А я сильно сомневалась, и мой взгляд сказал ему об этом.

– Господи… тебе всего семнадцать, – он неожиданно улыбнулся, а потом посмотрел в сторону леса: – Пора. Отец рядом. Я ухожу, а ты жди. Всё будет хорошо.

– Ладно, – сказала я. – Удачи тебе.

– Это тебе удачи, – и Эдвард исчез, только на том месте, где он был, слабо покачивалась побеспокоенная трава, растущая сквозь крупную, гладкую гальку.

«Но я способна дотянуться мыслью до неба, – подумала я, глядя на густые тучи. – Не телом, лишь мыслью. И если закрою глаза, то смогу создать мир. Другой мир с другими законами. Еще я могу постигать величие математики. Я способна понять, как устроен самолет. Если только захочу и хорошенько вникну в суть предмета, я с помощью одной только мысли всё пойму. Ни одно животное на планете так не может. Лишь человек, но… – я опустила взгляд в океан, – мы прокляты. Все мы падшие ангелы. Он сказал, что мы стадо. И что с этим инстинктом бесполезно бороться. Быть может, мы когда-то боролись. А потом пришли века войн и цинизма, и ничего не менялось из года в год, только смерть маячила за кормой жизни… И стадность стала нашим вечным проклятием, нашим вечным смирением перед чьим-то наказанием и авторитетом, смирением перед самой смертью. Мы должны бунтовать вновь. Мы должны быть разумными, должны быть мятежными, сильными и свободными. Должны быть таковыми ради того, кем мы на самом деле созданы. Не стадом, а людьми. Этот Договор – самое чудовищное, что можно сделать и самое логичное. Но я никогда не приму его, потому что он ставит крест на самой возможности мятежа против зла, насилия и глупости».

На самом деле, мысли мои текли более сумбурно, но я точно помню их направление. Им отвечал лишь припадающий волнами к берегу океан. Будь я вампиром, нырнула бы туда и поплыла бы на самое дно. Вода бы придавила меня всей своей тяжестью. На этой глубине нет звуков, и есть лишь намеки на цвет, там правят вечные сумерки и покой. Над головой у меня проносилась бы и колебалась вечность, еще выше – грозовое небо. И всё, чего бы я хотела – смотреть ей в глаза, понимая ее. Диалог у нас был бы простой. Я бы сказала жизни, что люблю ее. И она бы мне ответила: я тоже тебя люблю.

Ледяная вода снова с шипением рванулась на берег, а потом беспомощно отступила. Нырять в такую воду может только тот, кто способен жить в ней. Природа устроена удивительно справедливо. Слабых она убивает, потому что не станет поддерживать тех, кто не может соответствовать ее законам. Сильные правят ею.

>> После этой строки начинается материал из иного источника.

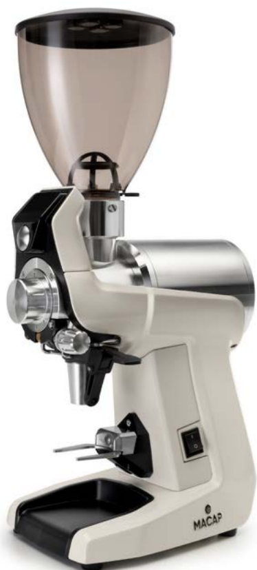
LABO 70D - R
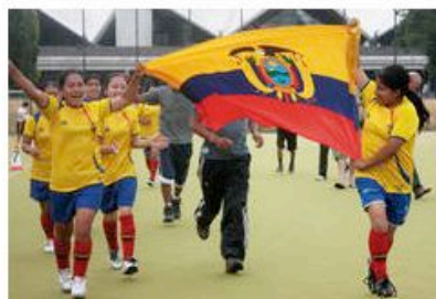
Spielfreude entdecken - discover football

Mit Unterstützung der DFB-Kulturstiftung, des Auswärtigen Amtes und des Bundesinnenministeriums fand die Premiere des Frauen-Fußball-Kultur-Festivals im Juli 2010 auf dem Lilli-Henoch-Sportplatz am Anhalter Bahnhof statt. Zu Gast: Mannschaften aus Afghanistan, Serbien, Sambia, Ecuador, Paraguay, Österreich und Israel/Palästina. Ein vielfältiges Kulturprogramm sorgte für spannende Begegnungen auf und neben dem Fußballplatz. Dass während des Festivals Frauen zusammenkamen, die neben ihrer
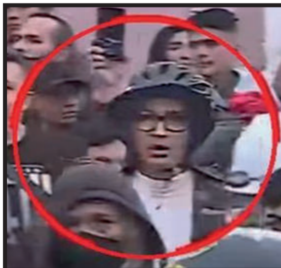
SE BUSCA. Sujeto que el 19 lanzó una molotov a la Policía y está prófugo.

-El acuerdo de Puente Piedra fue suscrito por el grupo 14N.
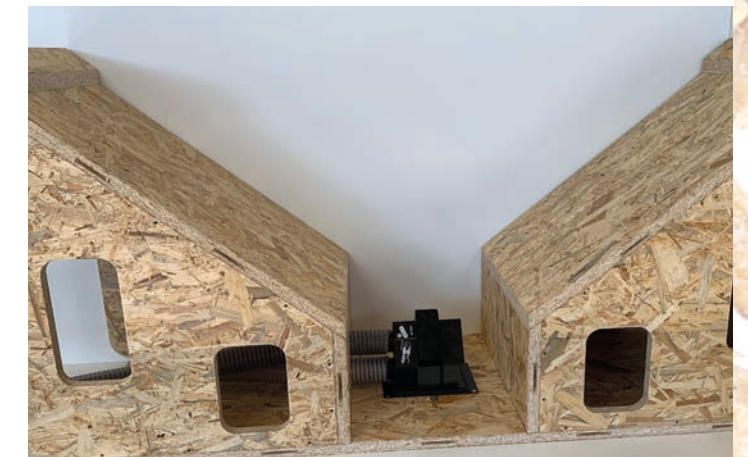
Schrägbodenmodule für Sauger
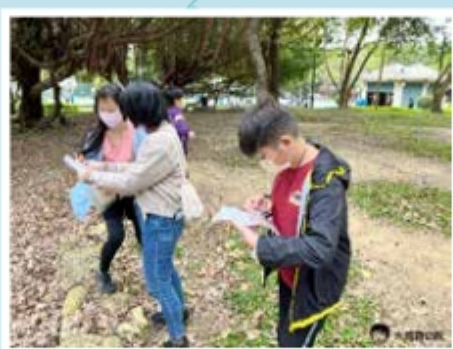
▲定向越野—善用工具，找出關卡位置
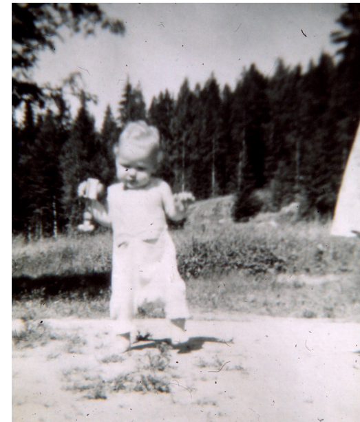
Matin ensi askelia. Rauta- lampi, Sillankorva. v. 1954
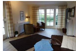
Eine kleine Sitzecke mit zwei Sesseln....
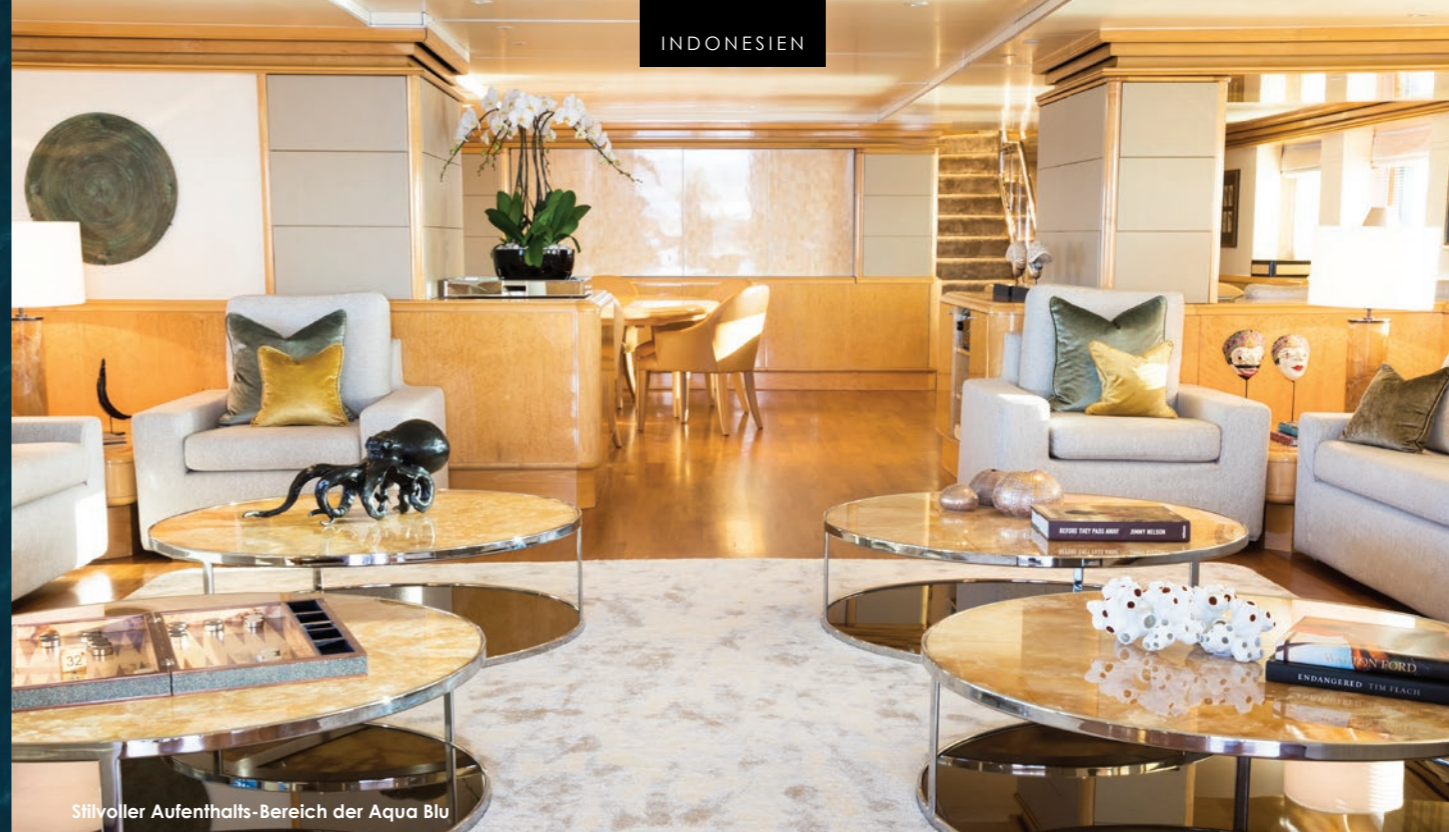
Stilvoller Aufenthalts-Bereich der Aqua Blu
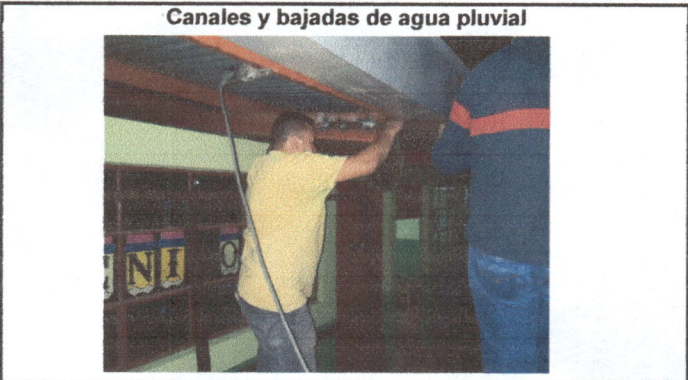
Foto 2: sustitución de canal de tubo pvc por canal alumizinc Sustitución de tubos de bajada por deterioro.
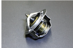
純正 サーモスタット 76.5度 適合：L型FJ20,A型,S20,U20 G7,R16 価格：¥2,290
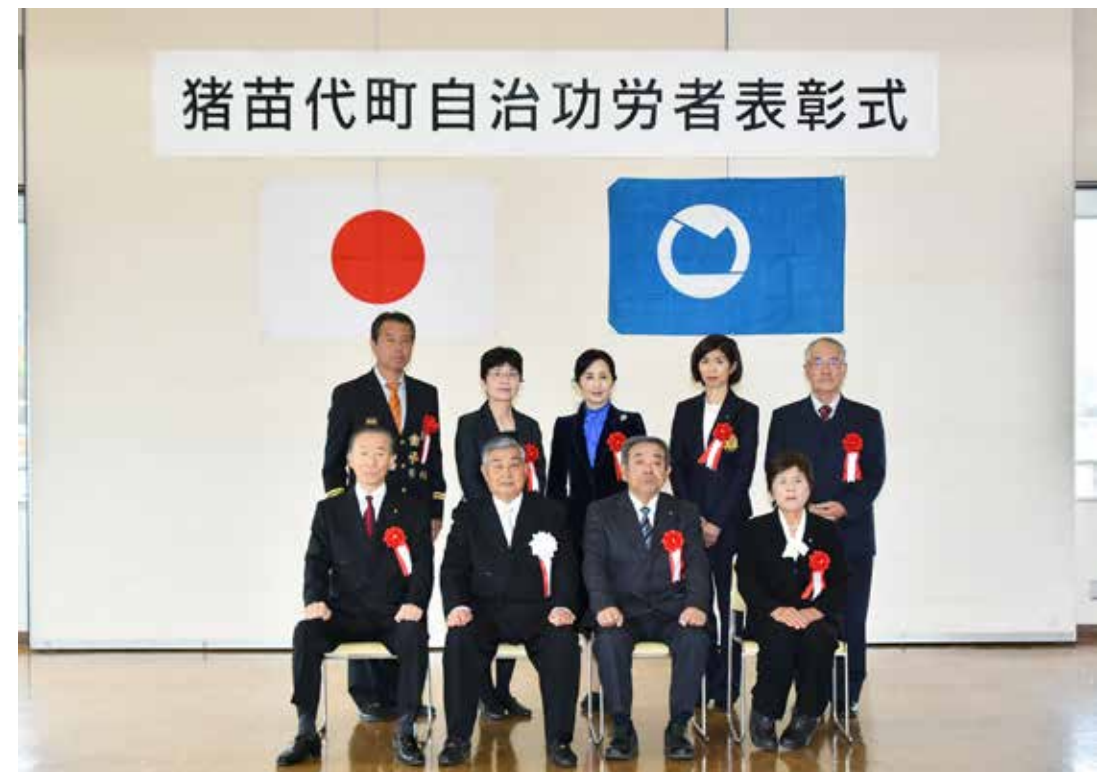
前後町長（前列左から2人目）と記念撮影する受賞者の皆さん

平成28年度町自治功労者表彰式は11月3日、町役場で行われました。町議会議員として功績のあった有功者4人と自治、教育、消防の分野で公共の福祉や町政に功労のあった4人、並びに寄付をされた善行者4人を表彰し、その功績をたたえました。
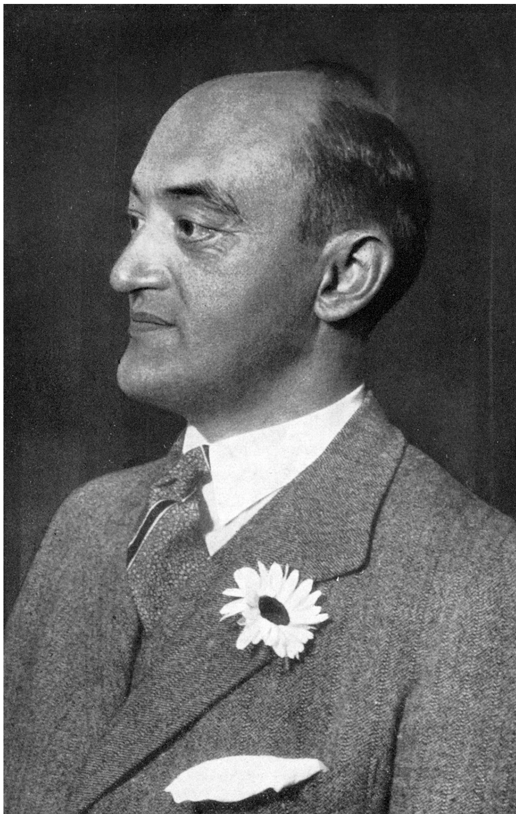
ЙОЗЕФ АЛОЇЗ ШУМПЕТЕР
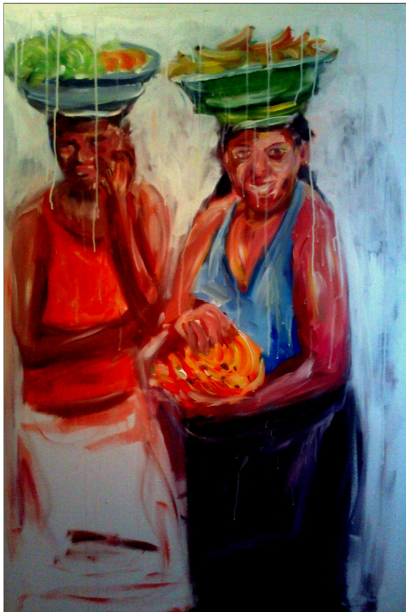
DOMAČINKI S SADJEM AKRIL NA PLATNU, 80X120 CM
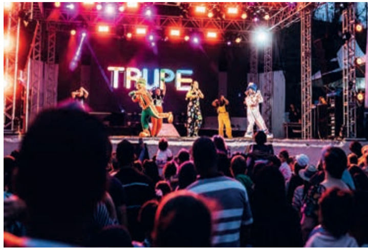
Trupe, shows para a criançada, na tarde de domingo (27)
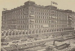
Budapest. 4 August 1890
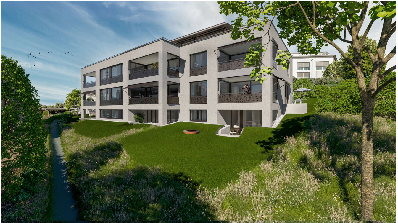
ein modernes Mehrfamilienhaus mit einem grünen Rasen vor einem großen Haus
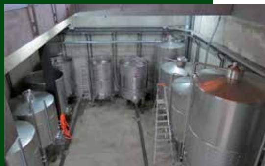
Instal·lacions Vinyes Domènech.
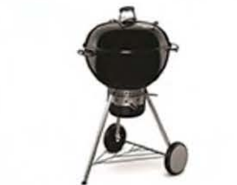
Barbecue - barbecue
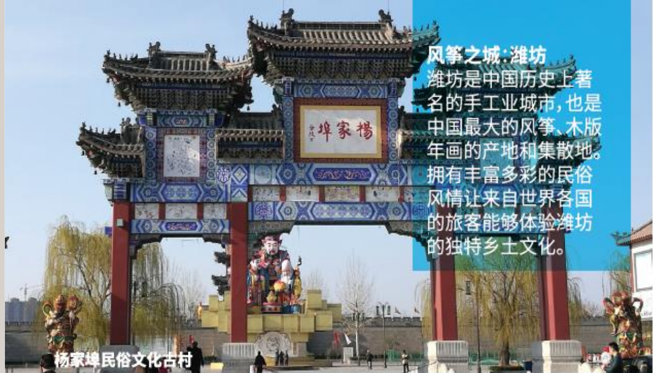
杨家埠民俗文化古村

这个博物馆除了是旅游景点之外，同时也是张裕高档葡萄酒酿造的基地，也是种植多种葡萄品种的欧式酒庄。
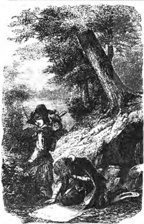
واقع‌نمایی در تصویرگری کتاب «حکایت زویل بلاس» تصویرگر: ابراهیم عکاس‌باشی، سال ۱۲۸۱ ش. چاپ سنگی

«هنر بازنما که گاه واقع‌گرا نامیده می‌شود، موضوع‌ها را به همان گونه که در زندگی روزانه هستند، تصویر می‌کند. هنرمندان واقع‌گرا نیازی نمی‌بینند که تصویرهای خود را درست مانند عکس بازآفرینی کنند. آن‌ها ترکیب‌بندی‌هایی می‌آفرینند که طرح‌های انسانی، اجسام یا پدیده‌های طبیعی را به گونه‌ای واقعی نشان دهند. شمار فراوانی از نقاشی‌ها و مجسمه‌های بسیار مشهور، مانند "مونالیزا"ی داوینچی و "متفکر" آگوست رودن ، در سبک واقع‌گرا هستند.» ۱۷ در هنر واقع‌نما، خیال‌پردازی و آشنا ساختن کودک با ساختار قهرمانان قصه، فضای زندگی آن‌ها و روند رویدادهای قصه اهمیت می‌یابد و آشنایی کودک با شرایط تاریخی، جغرافیایی، فرهنگی و اجتماعی عناصر تصویرگری داستان با بهره‌جویی از ویژگی‌هایی بومی و منطقه‌ای رویداد داستان صورت می‌گیرد. تصویرگر در شخصیت‌پردازی، پوشش و شکل ظاهری قهرمان‌ها به خوبی می‌تواند از ویژگی واقع‌گرایی در تصویر سود جوید و همپای روایت داستان، آن‌ها را به کودک باز نمایاند. این ویژگی در متن‌هایی با درون‌مایه‌های علمی و اطلاعاتی، جدی‌تر و دقیق‌تر است و خیال‌گرایی تصویر، کم‌تر. در حالی که در تصویرهای انتزاعی، شکل ظاهری، فضای زندگی، پوشش و تعلق فرهنگی قهرمانان قصه اهمیت چندانی ندارد و عنصر
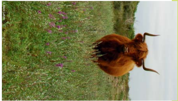
Management durch Beweidung mit Hochlandrindern
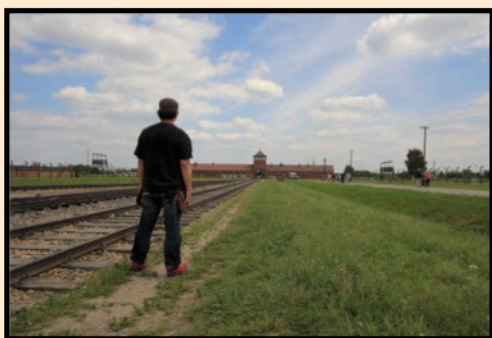
アウシュビッツ強制収容所
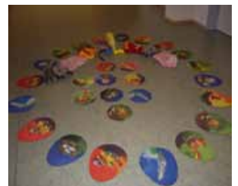
Zicke Zacke Hühnerkacke
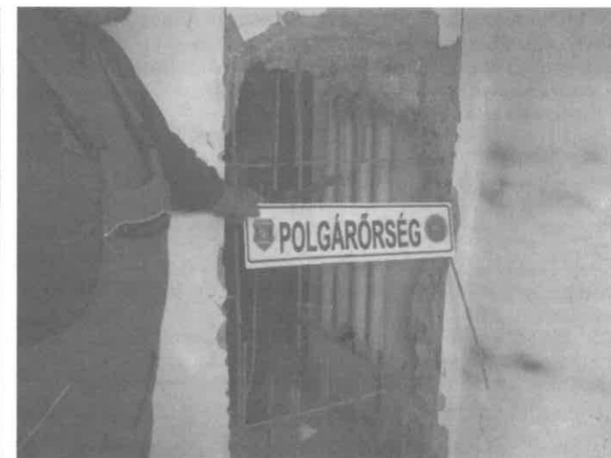
Sikerült áttörni a kemény betonfalat

Я была так занята своими мыслями, что почти забыла об охоте. Но очень быстро вспомнила…

– Крошка, да ты самоубийца, – раздался у меня за спиной ласковый, мелодичный голос.

Я неторопливо обернулась и посмотрела в лицо охотника. Он, наверное, был красив, как и все вампиры, но мне бросилось в глаза не это, а его неряшливость. Он носил одежду только по привычке и потому, что так принято. Джинсы грязные, на рваную футболку сверху надета хорошая, но старая кожаная куртка явно с чужого плеча, потому что в руках она казалась ему великовата. Справа ко мне подбиралась высокая и гибкая девушка. Она была опрятнее, но ее рыжие кудри были в диком беспорядке. Не глядя на меня, она мечтательно шла по кромке пляжа, и ее белые, маленькие ступни порой пропадали под черной пеленой вспененных невысоких волн. Слева ко мне шла еще одна девушка. Она была одета лучше всех, и на ней единственной была обувь, только лицо показалось мне странно напряженным, а мимика казалась очень быстрой. Вскоре я поняла, что уже видела это лицо в газете. Это была пропавшая из больницы подруга девушки, которая была убита прямо в своей машине недалеко от пляжа.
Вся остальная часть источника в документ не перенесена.